* **EXERCISE BRIEF**: With pictures excluded, retype exactly every line from the one containing "4枚目は、干した大根を昆布・人参・スルメイカで甘辛の醤油漬けにしましたよ。" to the end of the records below.
--------------------------------------------------
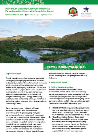 Proyek Kemakmuran Hijau berupaya mengatasi tantangan penting bagi pertumbuhan ekonomi, serta mendukung komitmen Pemerintah Indonesia untuk mengurangi intensitas emisi karbon dan meraih masa depan yang lebih lestari. Tujuan dari proyek senilai 332,5 juta dolar AS ini adalah untuk meningkatkan produktivitas dan mengurangi ketergantungan terhadap bahan bakar fosil dengan cara memperluas penggunaan energi terbarukan dan mengurangi emisi gas rumah kaca melalui perbaikan tata guna lahan dan pengelolaan sumber daya alam.
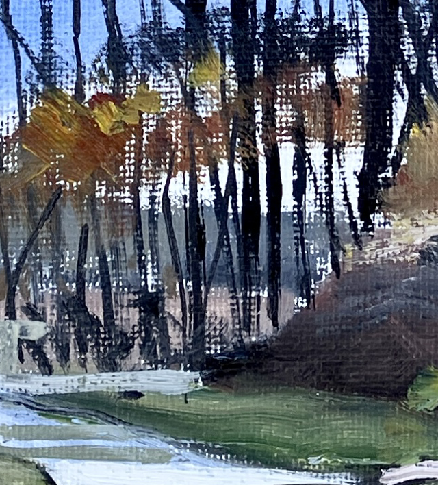 Loaningdale Junction woodland, 12x10 inch, oil on canvas.
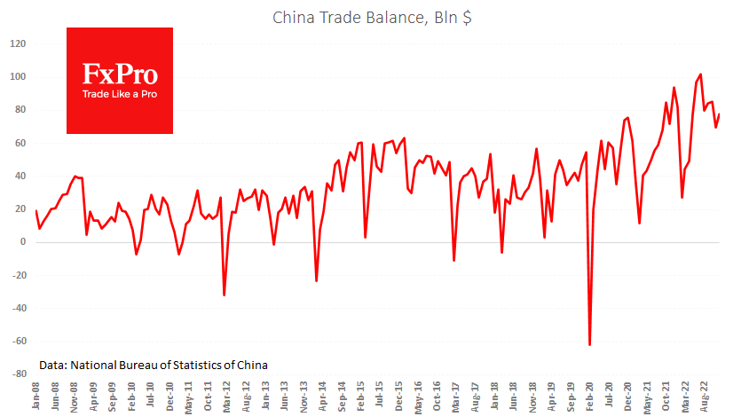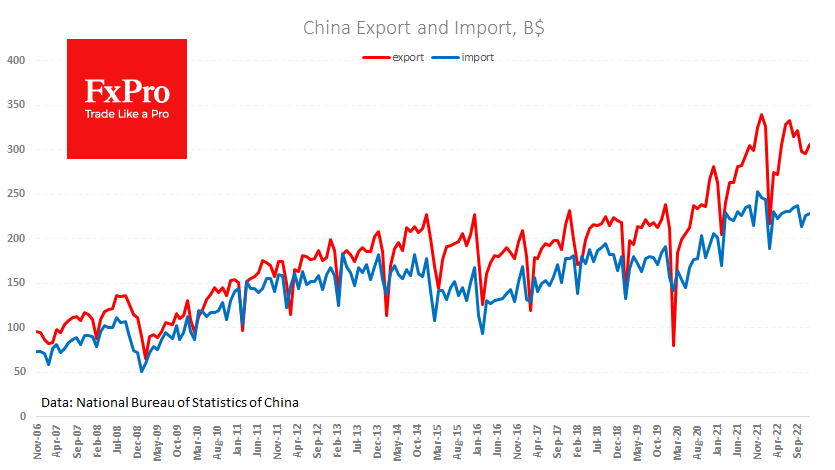 FxPro高级分析师Alex?Kuptsikevich指出:该数据略高于预期,但总体显示 2022 年对外贸易活动停滞不前,让人想起 2014 年和 2015 年,这对中国来说是艰难的年份。
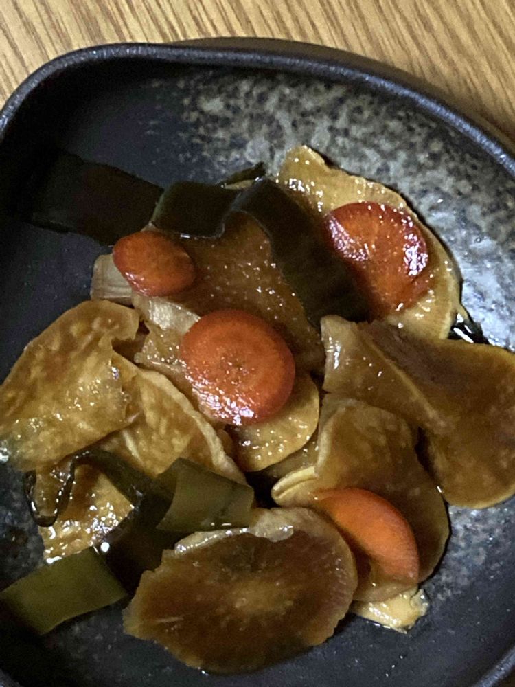 4枚目は、干した大根を昆布・人参・スルメイカで甘辛の醤油漬けにしましたよ。
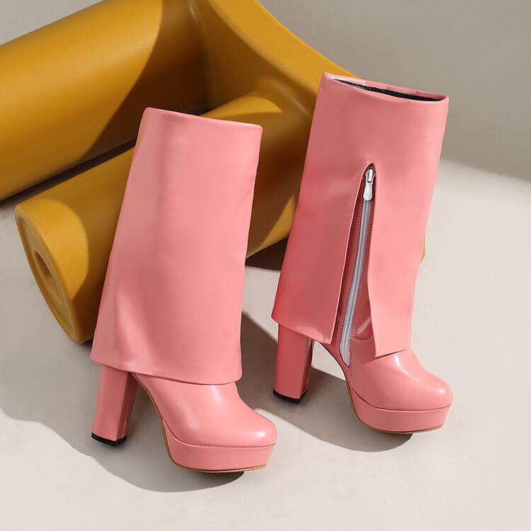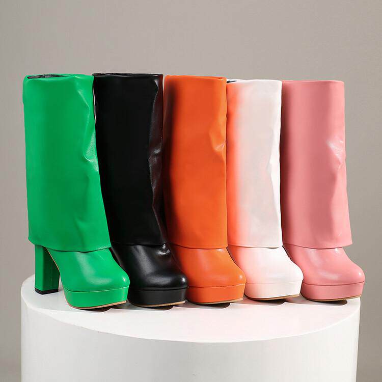 Сексуальные сапоги до середины икры в европейском и американском стиле, новые сапоги до середины икры на высоком каблуке с закругленным носком и боковой молнией на толстом каблуке и толстой подошве, простые японские рыцарские сапоги
--------------------------------------------------
* **YOUR SOLUTION**:
 4枚目は、干した大根を昆布・人参・スルメイカで甘辛の醤油漬けにしましたよ。
 Сексуальные сапоги до середины икры в европейском и американском стиле, новые сапоги до середины икры на высоком каблуке с закругленным носком и боковой молнией на толстом каблуке и толстой подошве, простые японские рыцарские сапоги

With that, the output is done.